The suffix array is a fundamental data structure used in text processing and string matching algorithms. It is an array of all the suffixes of a given string, sorted in lexicographical order.
The suffix array can be used to efficiently find all occurrences of a given pattern in a string, as well as to find the longest common substring of two strings.
A suffix array is a sorted array of all the suffixes of a given string. The suffixes are sorted in lexicographical order.
The suffix array can be used to efficiently find all occurrences of a given pattern in a string, as well as to find the longest common substring of two strings.
The suffix array can be constructed in O(n log n) time using the Suffix Sort algorithm.
The following code example shows how to construct a suffix array in Java using the Suffix Sort algorithm.
public static int[] suffixArray(String s) {
int n = s.length();
int[] suffixes = new int[n];
for (int i = 0; i < n; i++) {
suffixes[i] = i;
}
Arrays.sort(suffixes, (a, b) -> s.substring(a).compareTo(s.substring(b)));
return suffixes;
}
The following code example shows how to use the suffix array to find all occurrences of a given pattern in a string.

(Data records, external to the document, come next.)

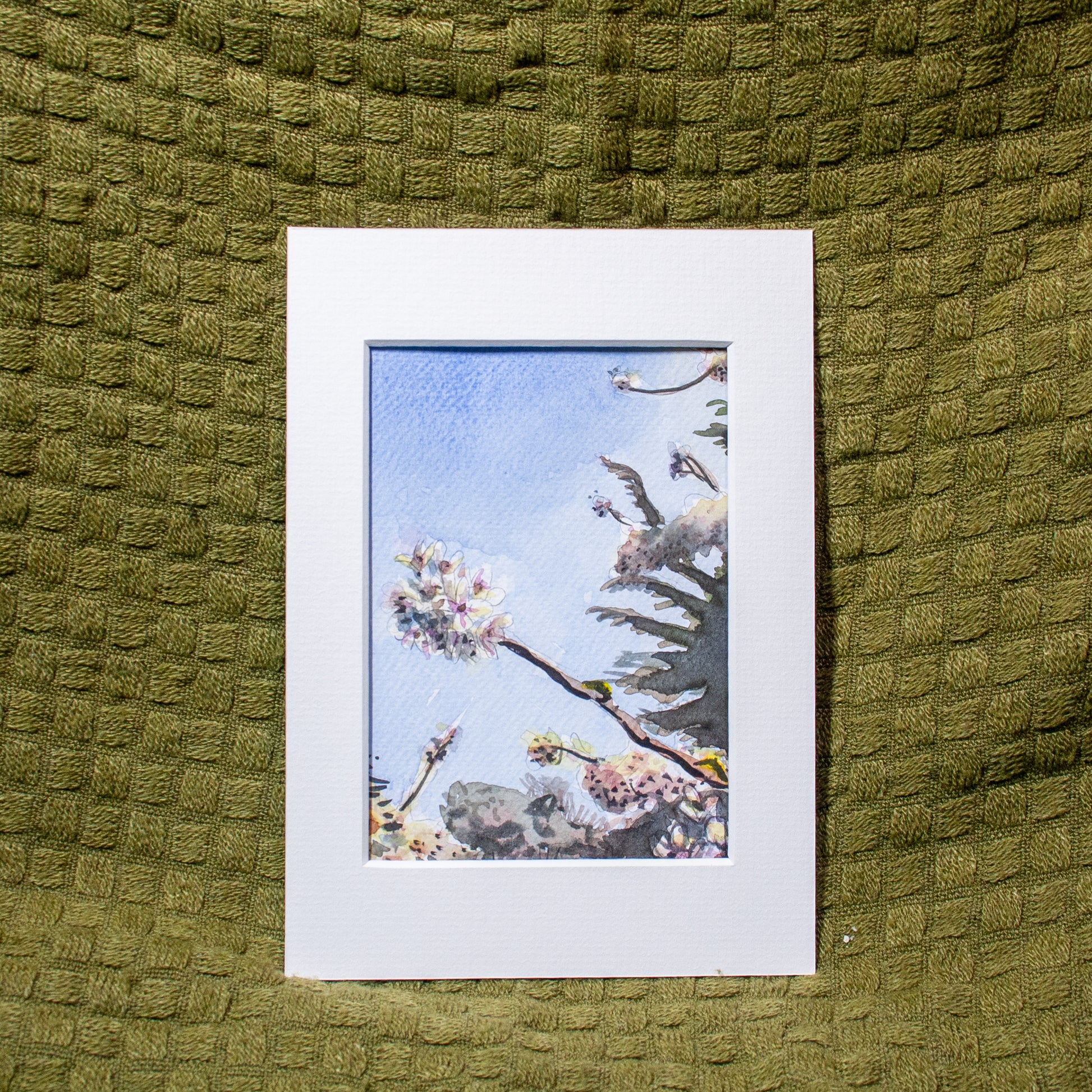This original mounted watercolour painting was a quick and loose exploration into capturing the delicate cherry blossom flowers of Kew Gardens after visiting for the first time. The blue of the sky and the grey shadows of the shrubbery in the background are ways that the scene feels light like the petals in the subject matter.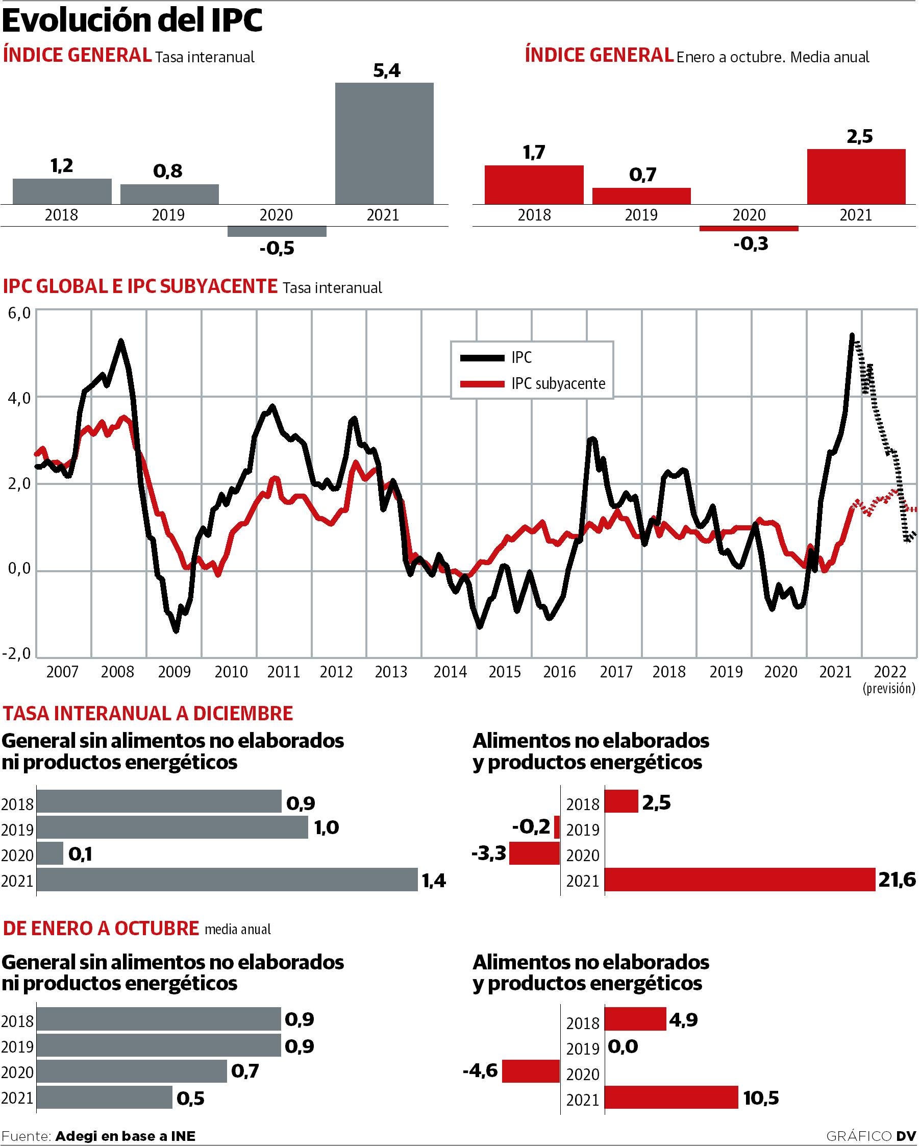 «Lo atípico de la situación se aprecia claramente en la diferencia entre la inflación general y la llamada inflación subyacente, que es la que no tiene en cuenta la energía y los alimentos frescos; la primera en octubre fue del 5,4%, pero la segunda fue del 1,4%», añaden desde Adegi.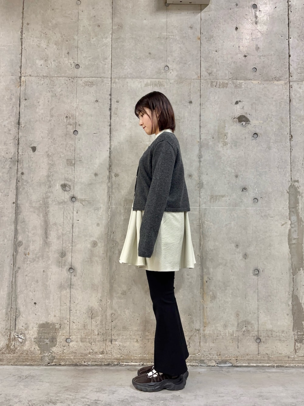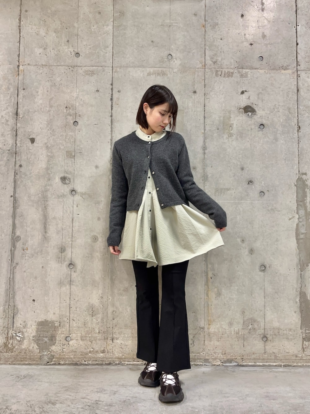 カーディガンもシャツワンピースもフレアパンツも冬にも春にも使えるアイテムで、一つ持っておいて🙆♀️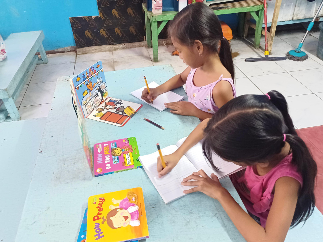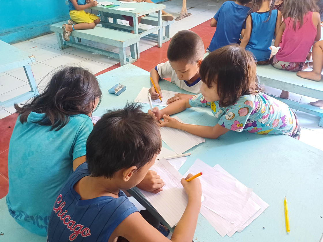 필리핀 아이들은 영어와 따갈로그어를 배우고, 미술 시간엔 마음껏 그림을 그리고 있습니다. 그리고 수업이 끝난 뒤엔, 영양이 부족한 150명의 아이들에게 무료급식을 나눠주었습니다.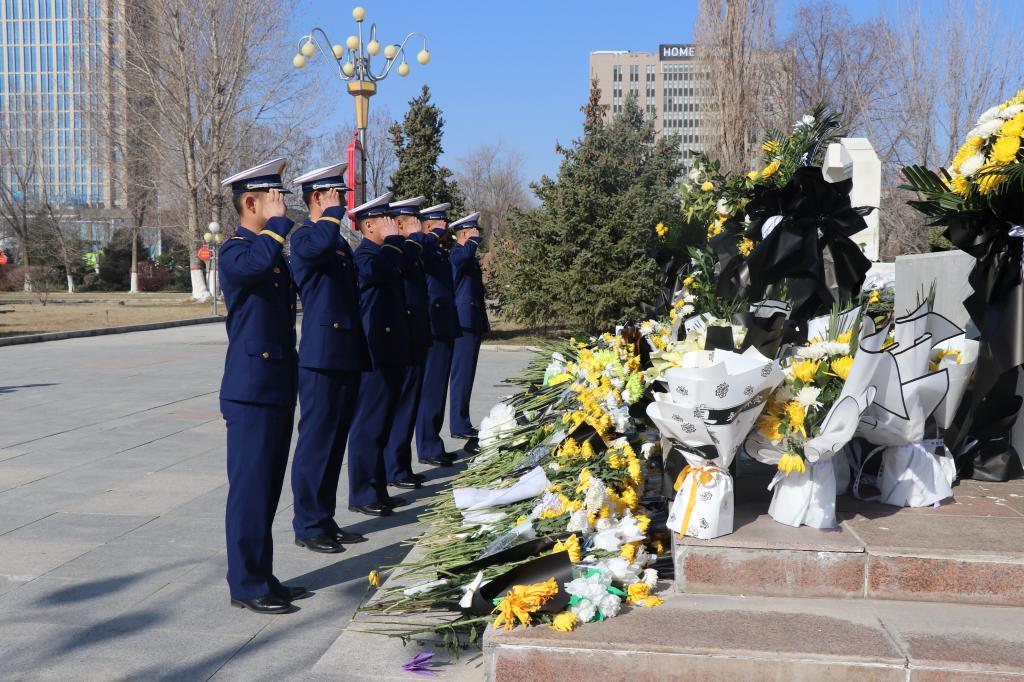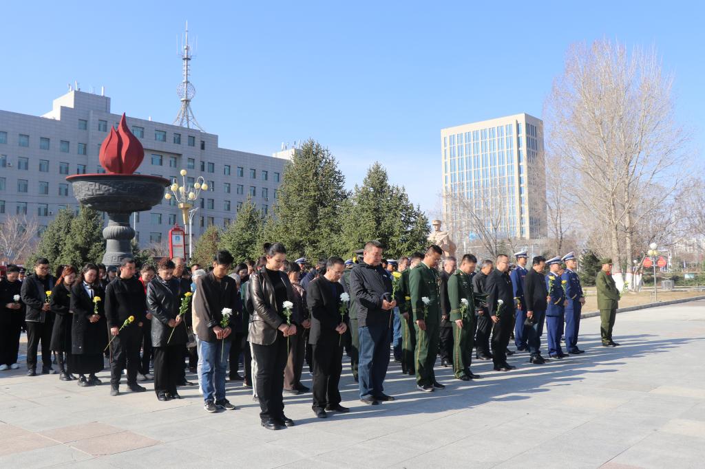 万里长空忠魂在,悲风泣雨寄哀思。烈士纪念碑前,全体人员列队整齐,神情肃穆,通过向纪念碑敬献花束、鞠躬致敬、宣读祭文以及瞻仰纪念碑等方式,表达对革命先烈的崇高敬意和深切缅怀。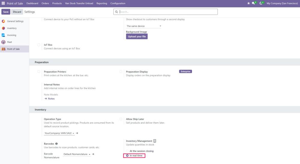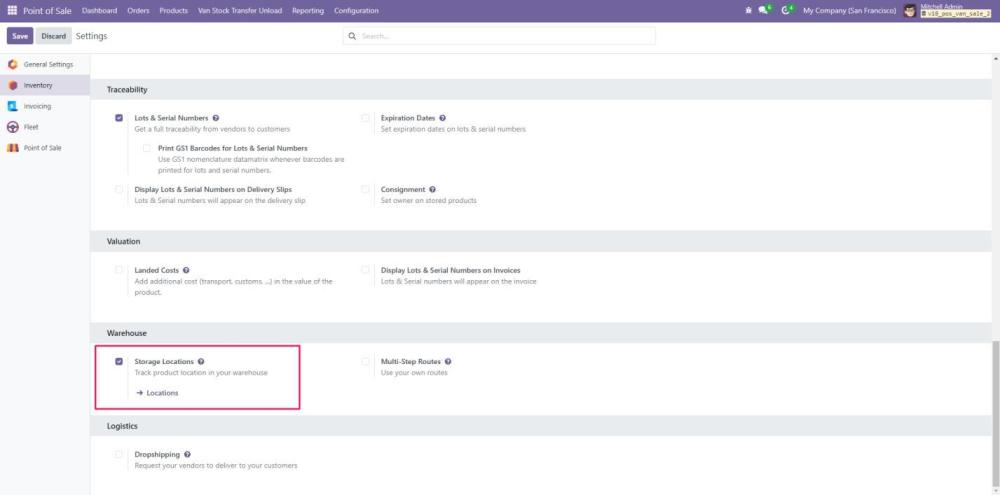 Begin by installing the Van Point of Sale module in your Odoo system. - Activate the Settings in the Inventory Module: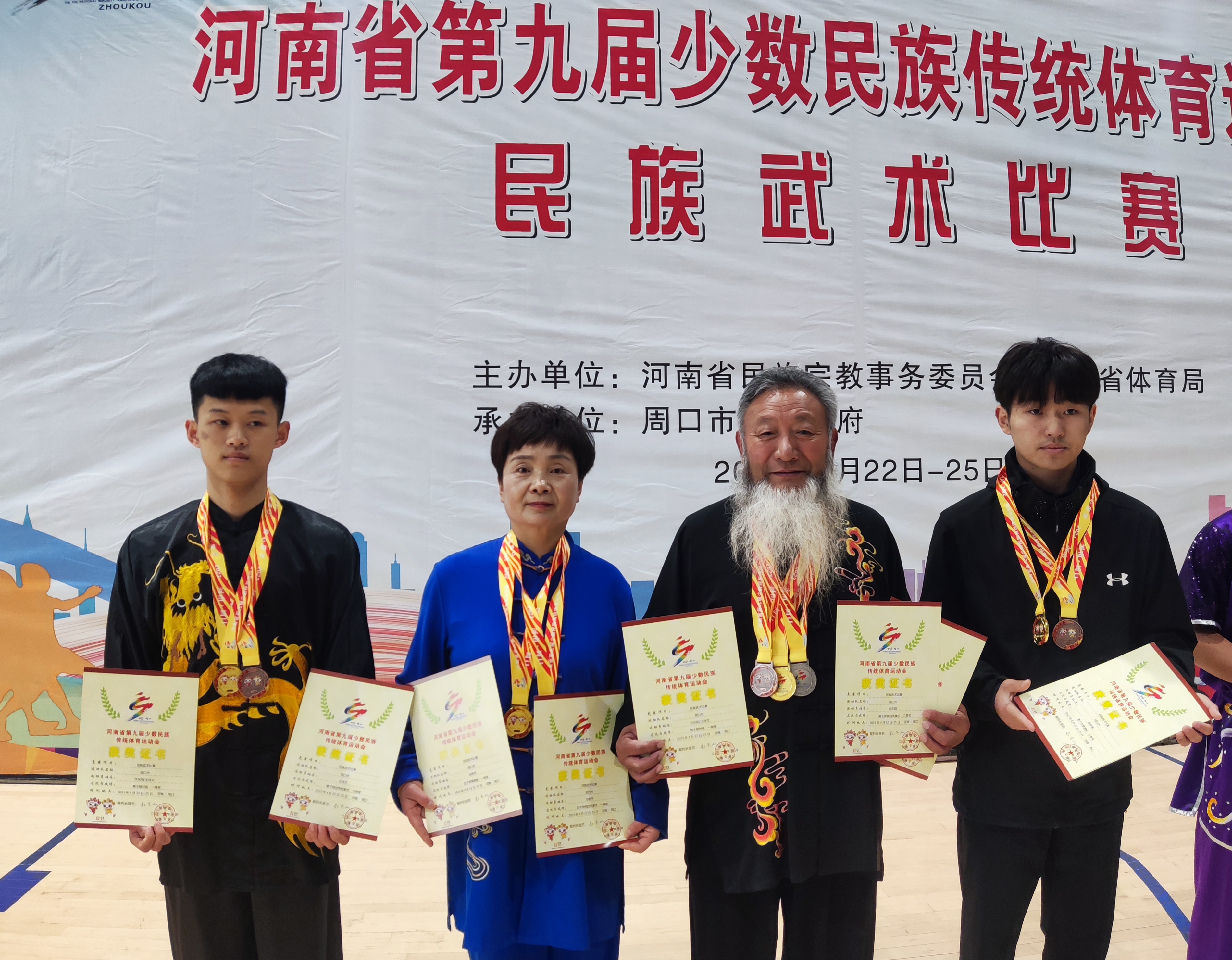 據(jù)悉,在本屆民族運(yùn)動(dòng)會(huì)民族武術(shù)項(xiàng)目中,產(chǎn)生13項(xiàng)金牌,24項(xiàng)銀牌,29項(xiàng)銅牌。周口隊(duì)收獲4項(xiàng)金牌、1項(xiàng)銀牌、3項(xiàng)銅牌,取得歷史最好成績(jī)。其中,蘇俊瑞獲得男子傳統(tǒng)一類拳術(shù)金牌,馬艷平獲得女子傳統(tǒng)四類拳術(shù)金牌、女子組單器械金牌,許東陽、王詩文獲得男子組對(duì)練金牌。許東陽還獲得男子傳統(tǒng)四類拳術(shù)銀牌、男子組單器械銅牌。王詩文獲得男子其他類拳術(shù)銅牌。蘇俊瑞獲男子組單器械銅牌。②2

public static List<Integer> findOccurrences(String s, String pattern) {
int n = s.length();
int m = pattern.length();
int[] suffixes = suffixArray(s);
int l = 0;
int r = n - 1;
while (l <= r) {
int mid = l + (r - l) / 2;
int res = s.substring(suffixes[mid]).compareTo(pattern);
if (res == 0) {
// Found a match!
// Now, we need to find the first and last occurrences
// of the pattern in the suffix array.
int first = mid;
int last = mid;
while (first > 0 && s.substring(suffixes[first - 1]).compareTo(pattern) == 0) {
first--;
}
while (last < n - 1 && s.substring(suffixes[last + 1]).compareTo(pattern) == 0) {
last++;
}
// Now, we have the first and last occurrences of the pattern.
// We can return all the occurrences in the range [first, last].
List<Integer> occurrences = new ArrayList<>();
for (int i = first; i <= last; i++) {
occurrences.add(suffixes[i]);
}
return occurrences;
} else if (res < 0) {
l = mid + 1;
} else {
r = mid - 1;
}
}
// Pattern not found
return Collections.emptyList();
}
The following code example shows how to use the suffix array to find the longest common substring of two strings.
public static String longestCommonSubstring(String s1, String s2) {
int n1 = s1.length();
int n2 = s2.length();
int[] suffixes1 = suffixArray(s1);
int[] suffixes2 = suffixArray(s2);
int l = 0;
int r = Math.min(n1, n2) - 1;
String longestCommonSubstring = "";
while (l <= r) {
int mid = l + (r - l) / 2;
String substring1 = s1.substring(suffixes1[mid]);
String substring2 = s2.substring(suffixes2[mid]);
int len = commonPrefix(substring1, substring2);
if (len > longestCommonSubstring.length()) {
longestCommonSubstring = substring1.substring(0, len);
}
if (substring1.compareTo(substring2) < 0) {
l = mid + 1;
} else {
r = mid - 1;
}
}
return longestCommonSubstring;
}
private static int commonPrefix(String s1, String s2) {
int n = Math.min(s1.length(), s2.length());
for (int i = 0; i < n; i++) {
if (s1.charAt(i) != s2.charAt(i)) {
return i;
}
}
return n;
}
Implement the Suffix Sort algorithm in your chosen programming language.
Use the suffix array to find all occurrences of a given pattern in a string.
Use the suffix array to find the longest common substring of two strings.